For a manufacturing organization whose core competency is making things, not running MQTT broker clusters, this trade is almost always the right one.

IoT Core Architecture: Key Components

The MQTT Endpoint

Each AWS account has a unique IoT Core MQTT endpoint in each region: {account-prefix}.iot.{region}.amazonaws.com.
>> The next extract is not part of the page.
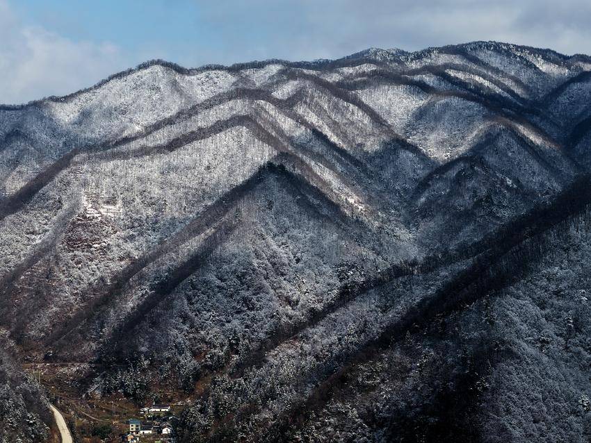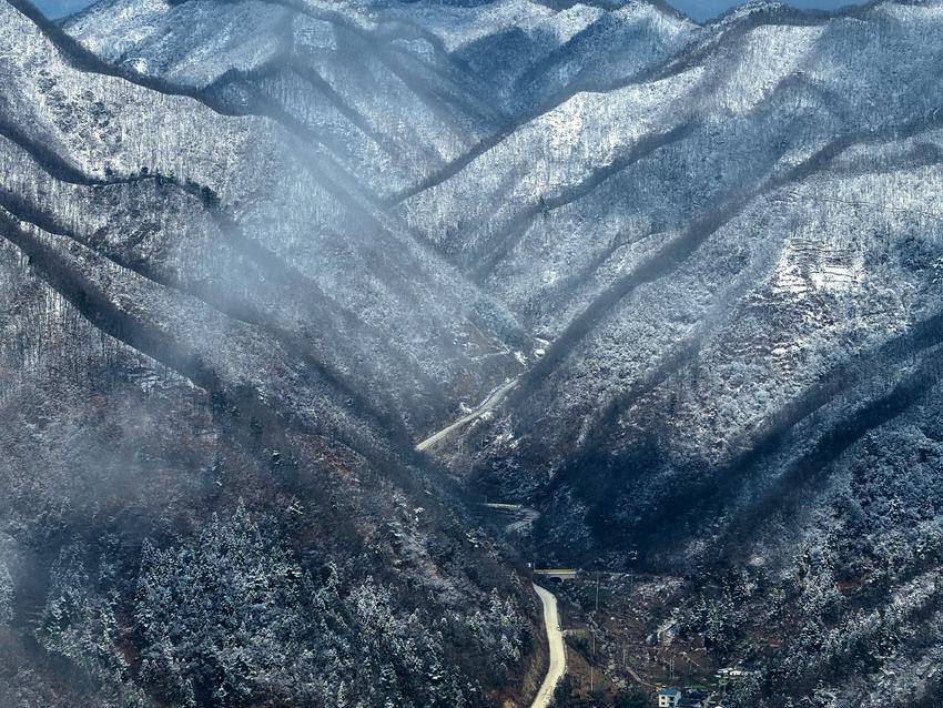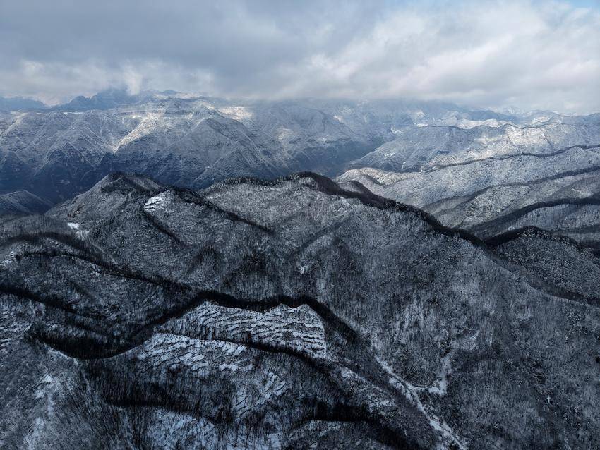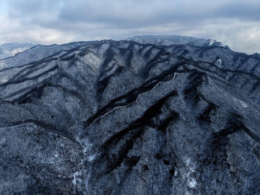 当日清晨,随着冷空气南下,七里山片区飘起细密雪花,至午后雪势渐停。阳光穿透云层,为覆盖着皑皑白雪的群山镀上一层柔光。从空中望去,海拔千米的七里山被冬雪彻底“唤醒”:千沟万壑间,积雪沿山势铺展,勾勒出山脊的硬朗线条,墨色的岩石与深绿的松林在白雪映衬下,宛如国画中的“斧劈皴”与“披麻皴”,笔触遒劲而灵动;山间的松柏挂满蓬松的雪团,似玉树琼枝,偶有山风拂过,雪沫簌簌落下,为静谧的山林添了几分动态。

Devices connect to this endpoint over MQTT (port 8883, TLS required) or MQTT over WebSockets (port 443).

In industrial deployments, all connections go through port 8883 (MQTT over TLS). Port 443 (WebSocket) is used for browser-based applications or environments where port 8883 is blocked by corporate firewalls — unusual in factory network architectures.

The endpoint is not a single server — it is a managed service that routes connections to the appropriate IoT Core infrastructure automatically. From your device’s perspective, it is a single hostname. From AWS’s perspective, it is a globally distributed, auto-scaling broker layer.

Device Authentication: X.509 Certificates

IoT Core’s default and recommended authentication mechanism is mutual TLS (mTLS) with X.509 certificates. Both sides authenticate: your device presents its certificate, and IoT Core verifies it against the known CA. IoT Core presents the AWS server certificate, and your device verifies it against the expected root CA.

Each device has a unique certificate. This is not a suggestion — it is the design. Shared certificates across multiple devices mean that revoking a compromised device’s access requires revoking all devices sharing that certificate. In a factory with 500 gateways, this is operationally catastrophic.

Certificates are attached to IoT policies — JSON documents that define what MQTT operations the certificate can perform:

{
  "Version": "2012-10-17",
  "Statement": [
    {
      "Effect": "Allow",
      "Action": ["iot:Connect"],
      "Resource": "arn:aws:iot:us-east-1:123456789:client/press-7-chicago-b-l3"
    },
    {
      "Effect": "Allow",
      "Action": ["iot:Publish"],
      "Resource": "arn:aws:iot:us-east-1:123456789:topic/factory/chicago/building-b/line-3/press-7/*"
    },
    {
      "Effect": "Allow",
      "Action": ["iot:Subscribe", "iot:Receive"],
      "Resource": "arn:aws:iot:us-east-1:123456789:topicfilter/factory/chicago/building-b/line-3/press-7/command"
    }
  ]
}

Note what this policy does not allow: publishing to any other device’s topic namespace, subscribing to other devices’ data streams, or connecting with a client ID other than the device’s registered ID. This is least-privilege at the MQTT layer.

IoT Policy Variables: Scaling Policies Across a Fleet

Managing thousands of individual IoT policies is impractical. IoT Core supports policy variables that substitute device-specific values at evaluation time:

"Resource": "arn:aws:iot:us-east-1:123456789:topic/factory/${iot:Connection.Thing.ThingName}/*"

The variable ${iot:Connection.Thing.ThingName} is substituted with the connecting device’s registered thing name at runtime. One policy document covers all devices in the fleet — each device can only publish to its own topic namespace.

This pattern is essential for manufacturing deployments where you may have hundreds of gateways that should have identical permissions, scoped to their own device identity.

Fleet Provisioning: Scaling Device Registration

The Manual Provisioning Problem

The traditional approach to IoT device registration: generate a certificate, download it, copy it to the device, register the device in IoT Core, attach a policy. Repeat for every device.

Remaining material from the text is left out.